- Problem statement
Write out the listing below in full and exactly, leaving out every picture.

- Data provided
* * * * * * *

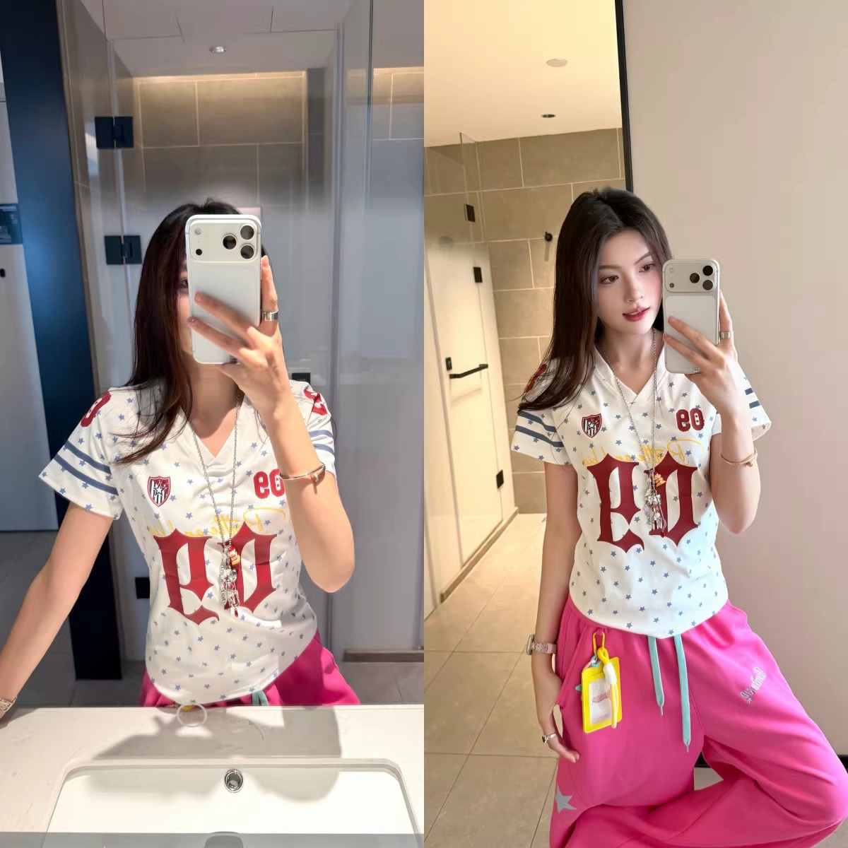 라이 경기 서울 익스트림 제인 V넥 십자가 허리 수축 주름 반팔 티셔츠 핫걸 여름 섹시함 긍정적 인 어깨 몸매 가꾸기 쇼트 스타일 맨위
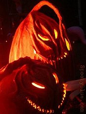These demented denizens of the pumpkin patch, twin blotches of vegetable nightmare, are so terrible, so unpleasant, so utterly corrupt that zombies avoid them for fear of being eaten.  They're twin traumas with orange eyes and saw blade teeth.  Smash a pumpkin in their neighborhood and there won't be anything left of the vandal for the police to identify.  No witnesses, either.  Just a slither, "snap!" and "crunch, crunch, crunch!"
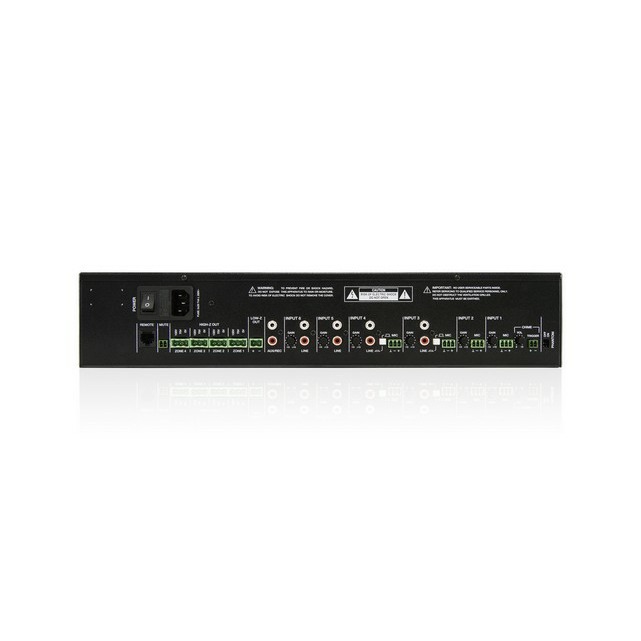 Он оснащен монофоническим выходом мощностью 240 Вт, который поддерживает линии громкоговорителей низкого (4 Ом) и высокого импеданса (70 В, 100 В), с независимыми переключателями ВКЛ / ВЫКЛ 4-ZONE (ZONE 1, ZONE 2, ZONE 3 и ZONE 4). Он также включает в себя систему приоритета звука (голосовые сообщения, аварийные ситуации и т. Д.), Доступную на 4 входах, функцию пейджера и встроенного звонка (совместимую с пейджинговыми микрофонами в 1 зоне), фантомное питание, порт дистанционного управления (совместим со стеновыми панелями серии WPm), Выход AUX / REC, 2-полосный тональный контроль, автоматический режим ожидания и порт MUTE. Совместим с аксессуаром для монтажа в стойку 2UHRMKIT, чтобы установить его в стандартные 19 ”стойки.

* * * * * * *

- Result for this task
 라이 경기 서울 익스트림 제인 V넥 십자가 허리 수축 주름 반팔 티셔츠 핫걸 여름 섹시함 긍정적 인 어깨 몸매 가꾸기 쇼트 스타일 맨위
These demented denizens of the pumpkin patch, twin blotches of vegetable nightmare, are so terrible, so unpleasant, so utterly corrupt that zombies avoid them for fear of being eaten.  They're twin traumas with orange eyes and saw blade teeth.  Smash a pumpkin in their neighborhood and there won't be anything left of the vandal for the police to identify.  No witnesses, either.  Just a slither, "snap!" and "crunch, crunch, crunch!"
 Он оснащен монофоническим выходом мощностью 240 Вт, который поддерживает линии громкоговорителей низкого (4 Ом) и высокого импеданса (70 В, 100 В), с независимыми переключателями ВКЛ / ВЫКЛ 4-ZONE (ZONE 1, ZONE 2, ZONE 3 и ZONE 4). Он также включает в себя систему приоритета звука (голосовые сообщения, аварийные ситуации и т. Д.), Доступную на 4 входах, функцию пейджера и встроенного звонка (совместимую с пейджинговыми микрофонами в 1 зоне), фантомное питание, порт дистанционного управления (совместим со стеновыми панелями серии WPm), Выход AUX / REC, 2-полосный тональный контроль, автоматический режим ожидания и порт MUTE. Совместим с аксессуаром для монтажа в стойку 2UHRMKIT, чтобы установить его в стандартные 19 ”стойки.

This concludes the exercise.